The Lagos Chamber of Commerce and Industry (LCCI) has condemned the deployment of Customs Strike Force to the nation’s ports, saying it would be harmful to investment and hinder cargo clearing process.
Muda Yusuf, Director-General of LCCI, made the condemnation in an interview with the News Agency of Nigeria (NAN) on Saturday in Lagos.
Mr Yusuf said the move would undermine the Ease of Doing Business Policy of the Muhammadu Buhari administration and negate the Presidential Executive Order on streamlining of ports processes.
“The attention of the chamber has been drawn to the circular issued by the Customs Headquarters, deploying the Strike Force to all ports with the powers to intercept and effect seizures of cargoes.
“It is a duplication of functions of the customs resident officers at the ports which have statutory responsibilities to examine and release cargoes to importers.
“This move will slow down the cargo clearing process as it amounts to creation of another layer of authority to intercept and seize cargoes that have been duly released by all agencies involved in the examination of the cargoes,” he said.
According to him, agencies that examine cargoes at the ports at present include resident customs officers of the command, National Drug Law Enforcement Agency, Department of State Security, ports police, Nigeria Immigration Service, Nigerian Ports Authority and Nigerian Maritime Administration and Safety Agency.
He said the deployment of the strike force to the ports suggested a distrust in resident customs officers deployed to various commands by the Comptroller General (CG).
“The appropriate thing to do in the circumstance is for the CG to replace these officers with trusted ones rather than superimpose another set of customs operatives on the system.
“This new deployment will make the entire process chaotic, cumbersome, costly and inefficient. It can also create an additional credibility problem,” he said.
He said that delays in cargo clearing process often resulted in high and avoidable demurrage to importers, high interest costs on funds used for import transactions, and disruption of business processes including manufacturing activities.
Mr Yusuf urged that the deployment of the Strike Force to the ports should be reversed urgently to ease business.
He also said that scanners at the Lagos Ports Complex had not been functioning in the last two years, adding that dependence on physical examination for cargo releases had been laborious and time wasting.
“The Lagos ports are the largest in the country, handling over 1.5 million 20-foot equivalent units of containers annually.
“This underscores the enormity of the consequences of physical examination of containers for the efficacy of cargo clearing.
“It is incredibly detrimental to the cargo release process and the economy.

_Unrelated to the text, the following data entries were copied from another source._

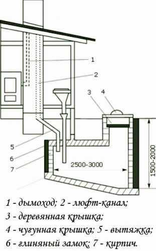 Верхняя часть ямы туалета закрывается двойной крышкой – между слоями чугуна и дерева устанавливается слой теплоизолятора. Самотек отходов может обеспечиваться наклоном трубы, которая ведет из унитаза в накопитель (в этом случае на этапе строительства необходимо предусмотреть для нее входное отверстие, а после ввода герметизировать шов) или конструкцией самого резервуара (расширяющаяся яма с заходом под дом по направлению от туалета на улицу с наклонным полом). Для люфт-клозета необходима вентиляция. В холодное время года эффективность вытяжки может обеспечиваться разностью температур, а в летнее время лучше использовать вытяжной вентилятор.
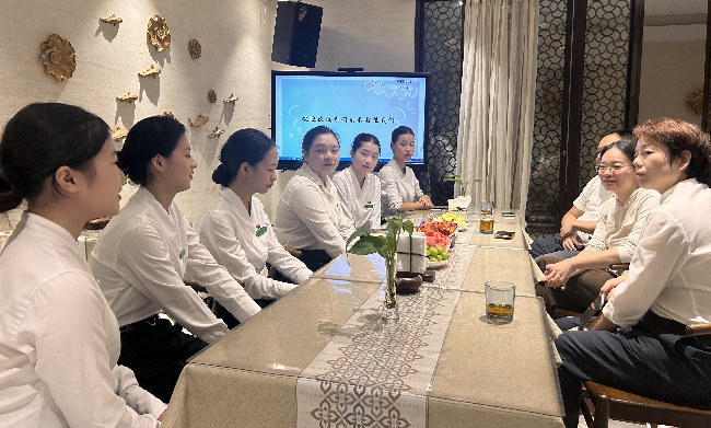 旺辉公司目前有6名实习生,主要从事养生师和前台接待等工作。企业通过严格的岗前隔离培训、建立实习生管理群、定期通报工作及考核评比情况等举措,实现精细化管理。座谈会上,25年6月入职的实习生们反映虽实习时间不长,但在微笑服务、气质塑造、语言表达等方面进步显著。23级健康服务与管理中技班学生王雨菲说:“企业的严格管理和学校的持续关怀,让我在掌握技能的同时,学会了以更积极的状态面对工作和生活。”
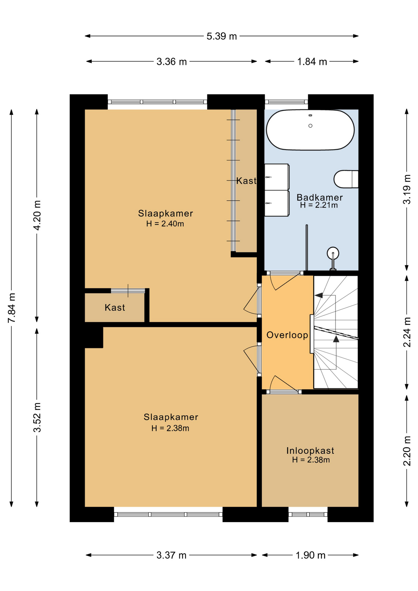 De woning is zorgvuldig professioneel ingemeten. De Meetinstructie is gebaseerd op de NEN2580. De Meetinstructie is bedoeld om een meer eenduidige manier van meten toe te passen voor het geven van een indicatie van de gebruiksoppervlakte. De Meetinstructie sluit verschillen in meetuitkomsten niet volledig uit, door bijvoorbeeld interpretatieverschillen, afrondingen of beperkingen bij het uitvoeren van de meting.
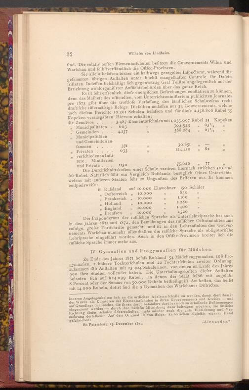 find. Die relativ beften Elementarfchulen befitzen die Gouvernements Wilna und Warfchau und felbftverftändlich die Oftfee- Provinzen.
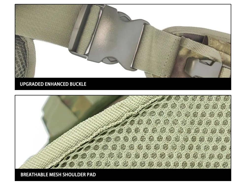Diseño del sistema MOLLE, un total de 10 tamaños diferentes, diferente posición de la bolsa.Otra carga fácil adjunta al paquete;
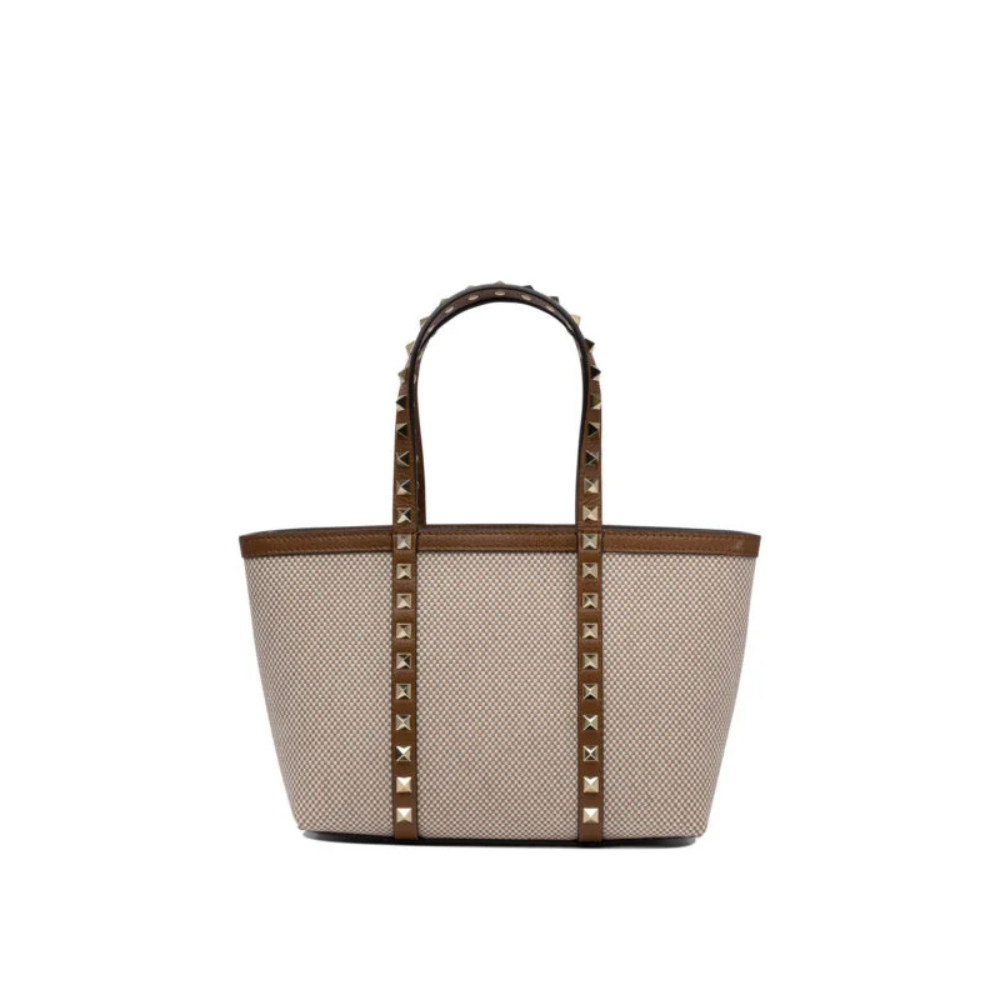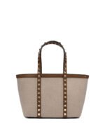 « Valentino Garavani » sac à main femme beige toile et cuir
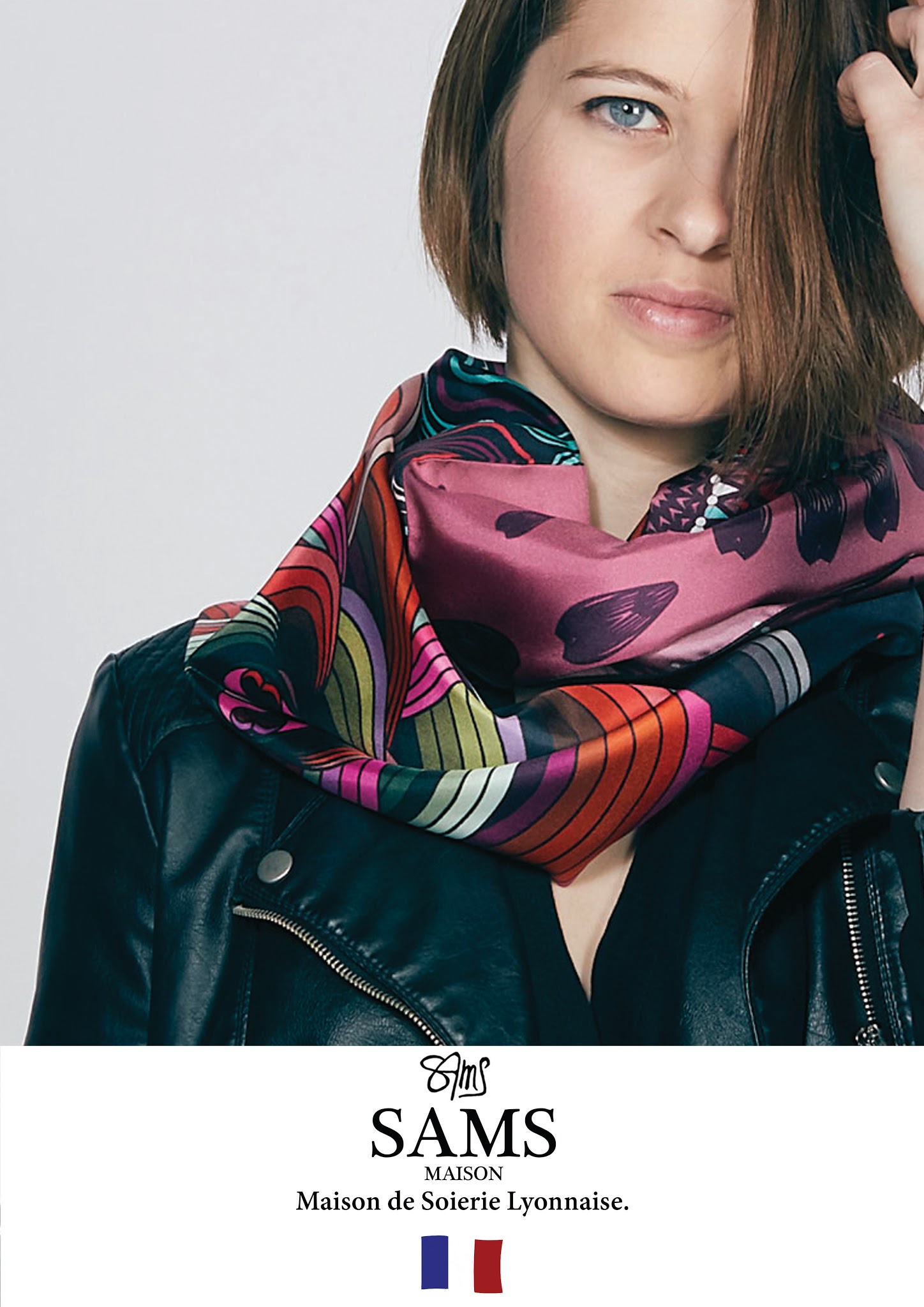 La Maison Sams c'est la haute qualité de la soierie Lyonnaise, très beaux imprimés aux couleurs lumineuses. J'ai découvert la marque au hasard d'une balade au marché des Créateurs à Lyon il y a 3 ans, des accessoires à offrir et à S'offrir... j'ai plusieurs pièces et j'en suis ravie, ce sont des produits élégants et indémodables. MADE IN FRANCE! Hâte de découvrir la prochaine collection! Je souhaite une belle continuation à Sarah ...
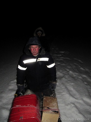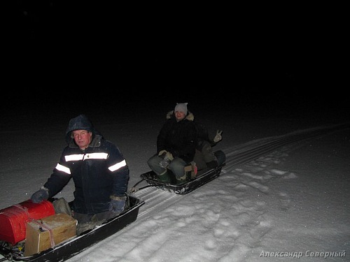 Прогноз на самое утро ещё радовал несильным ветерком и небольшим десятиградусным морозцем. К вечеру же дали шторм со снегом. Остановились в дачном поселке на берегу реки Сумки под единственным фонарем. На несколько тысяч дач и дачек один единственный. Так и задумаешься о богатстве России и её уснувших в зиму деревнях, раскинутых по дальним и ближним весям нашего Северного края. Букс затарахтел уверенно, чуть размял гусеницу, метров с полста, подвеску. На ходу запрыгнули ребята в санки, и мы поскакали по хорошей ухабистой дороге в сторону речки Малой Сумки. Тлеющий свет фары неясно освещал дорогу, надо будет покопаться в электрике, отметил, я, переложив это дело куда-то в дальнюю копилку. На выезде на лёд стоит иномарка, рыбаки в кромешной тьме у машины довольно покуривают, огоньками сигаретами проявляю свое наличие. Дорога то перед ними накатанная, знать куда-то приведет, и не нать лишние километры наматывать с ящиками и бурами на плечах.
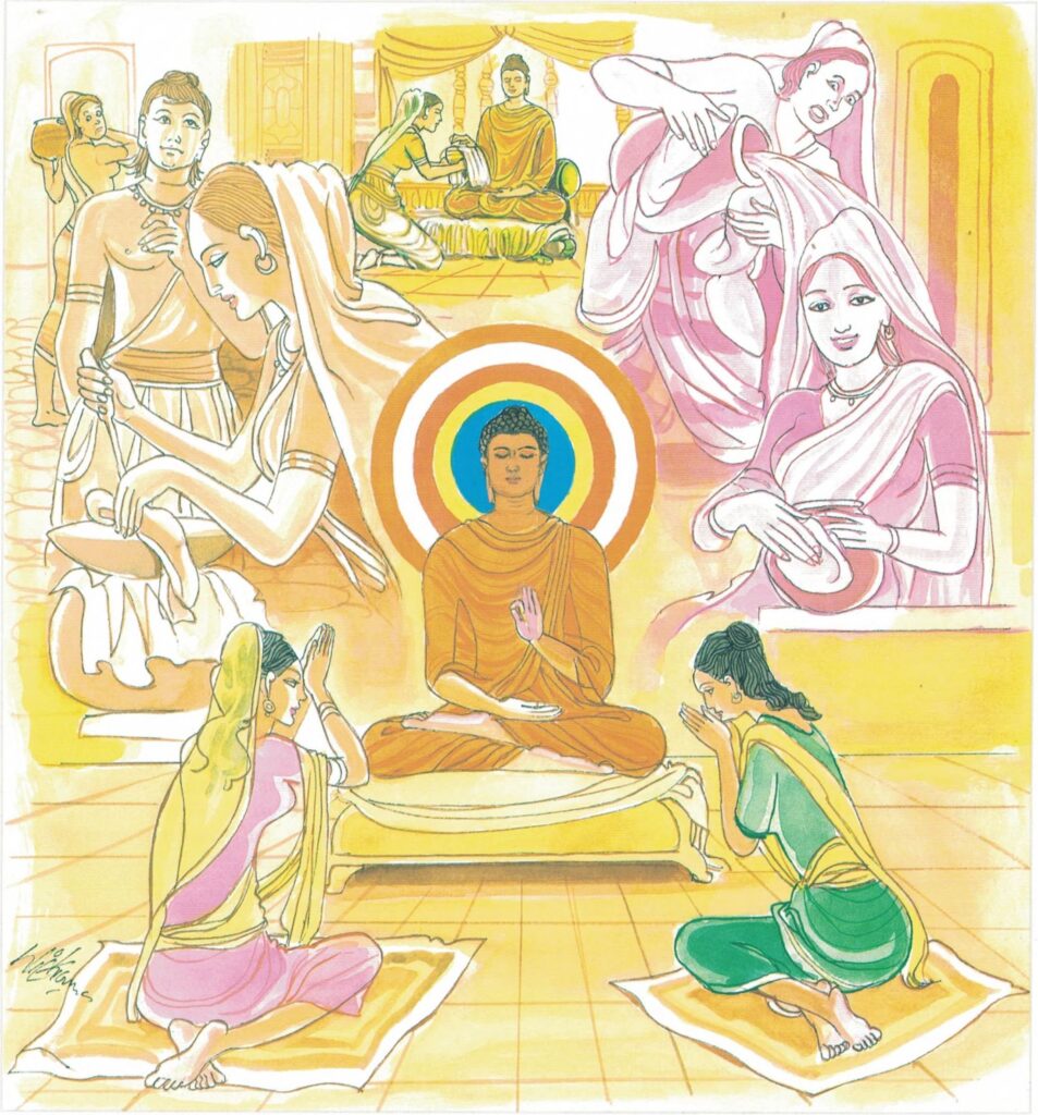 Uttarā was the daughter of a farm labourer named Puñña and his wife. Puñña worked for a rich man named Sumana, in Rājagaha. One day, Puñña and his wife offered alms-food to Venerable Sāriputta soon after his arising from sustained deep mental absorption (nirodha samāpatti), and as a result of that good deed they suddenly became very rich. Puñña came upon gold in the field he was ploughing, and the king officially declared him a royal banker. On one occasion, the family of Puñña offered alms-food to the Buddha and the monks for seven days, and on the seventh day, after hearing the Buddha’s discourse, all the three members of the family attained sotāpatti fruition. Later, Uttarā, the daughter of Puñña, married the son of the rich man Sumana. That family being non-Buddhist, Uttarā did not feel happy in her husband’s home. So, she told her father, “My father, why have you put me in this cage? Here, I do not see any monk and I have no chance to offer anything to any monk.” Her father felt sorry for her and sent her fifteen thousand in cash. With this money, after getting permission from her husband, Uttarā engaged a courtesan to look to the needs of her husband. So it was arranged that Sirimā, a wellknown and very beautiful courtesan, was to take her place as a wife for fifteen days.
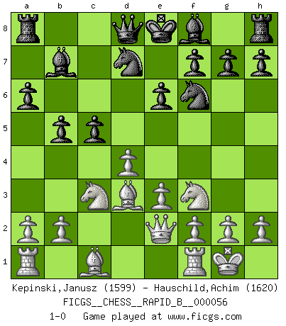 Last move : 1-0 2007 August 4 14:1:48 [Event "FICGS__CHESS__RAPID_B__000056"] [Site "FICGS"] [Date "2007.06.20"] [Round "1"] [White "Kepinski,Janusz"] [Black "Hauschild,Achim"] [Result "1-0"] [WhiteElo "1599"] [BlackElo "1620"] 1.Nf3 d5 2.d4 c5 3.c4 e6 4.e3 Nf6 5.Nc3 a6 6.Bd3 dxc4 7.Bxc4 b5 8.Bd3 Nbd7 9.O-O Bb7 10.Qe2 1-0 This chess game has been lost on time (started : 2007.06.20 12:13:33) Reti Opening Kingside Castling by player White (move 9) Player White won this chess game. Follow this game move after move (download)Spassky will not be psyched out by Fischer. (Mike Goodall) Ich liebe den Moment, wenn ich das Ego meines Gegenüber breche. (Robert James Fischer) El Ajedrez es de 30 a 40 por ciento psicología. Uno no cuenta con esto cuando se juega contra una computadora. No lo puedo confundir. (Judith Polgar) Les échecs, c'est l'imagination. (David Bronstein) If we knew what we were doing, we would not call it research. (Albert Einstein)
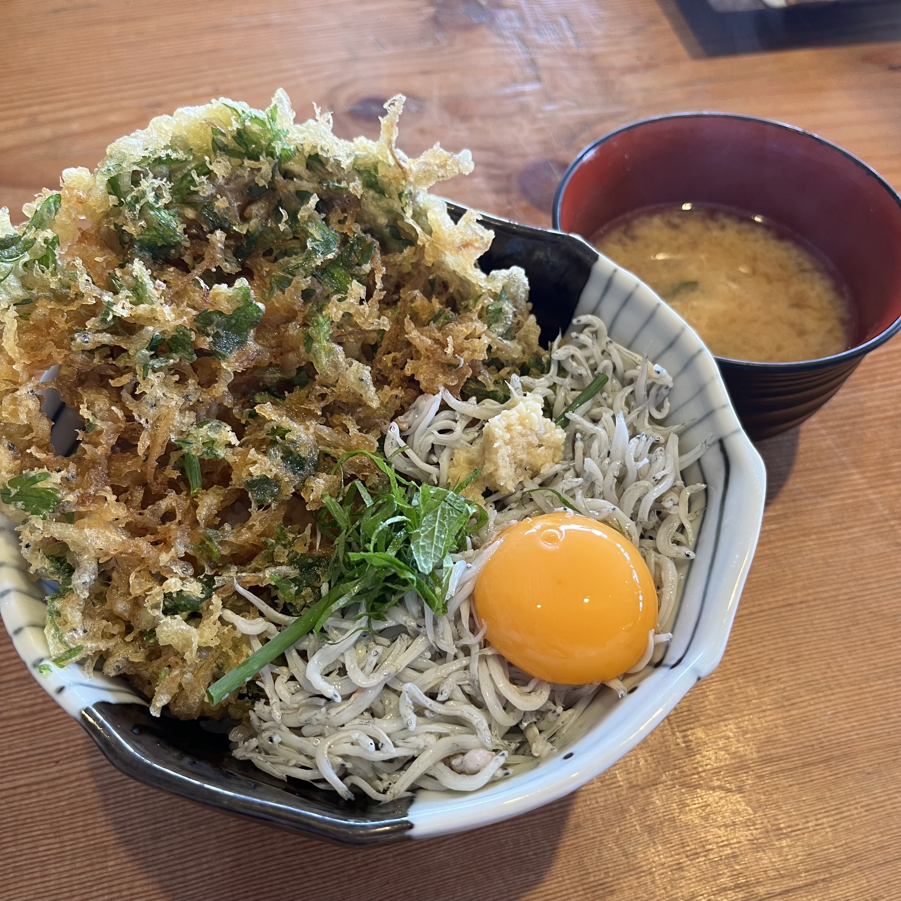 - 카마아게시라스와 시라스카키아게(시라스 야채튀김) 덮밥(날달걀 포함) 1,200엔

“It is imperative for the Federal Government to expedite actions on the procurement of scanners for the ports in order to put an end to the physical examination of cargo and make the system technology-driven,” he said.
Mr Yusuf also said that the chamber had received complaints of protracted delays in issuance of Pre-Arrival Assessment Report (PAAR) which had led to high demurrage payment by many importers.
He appealed for the intervention of the Comptroller-General of Customs in ensuring more efficient ways of processing and releasing of PAAR.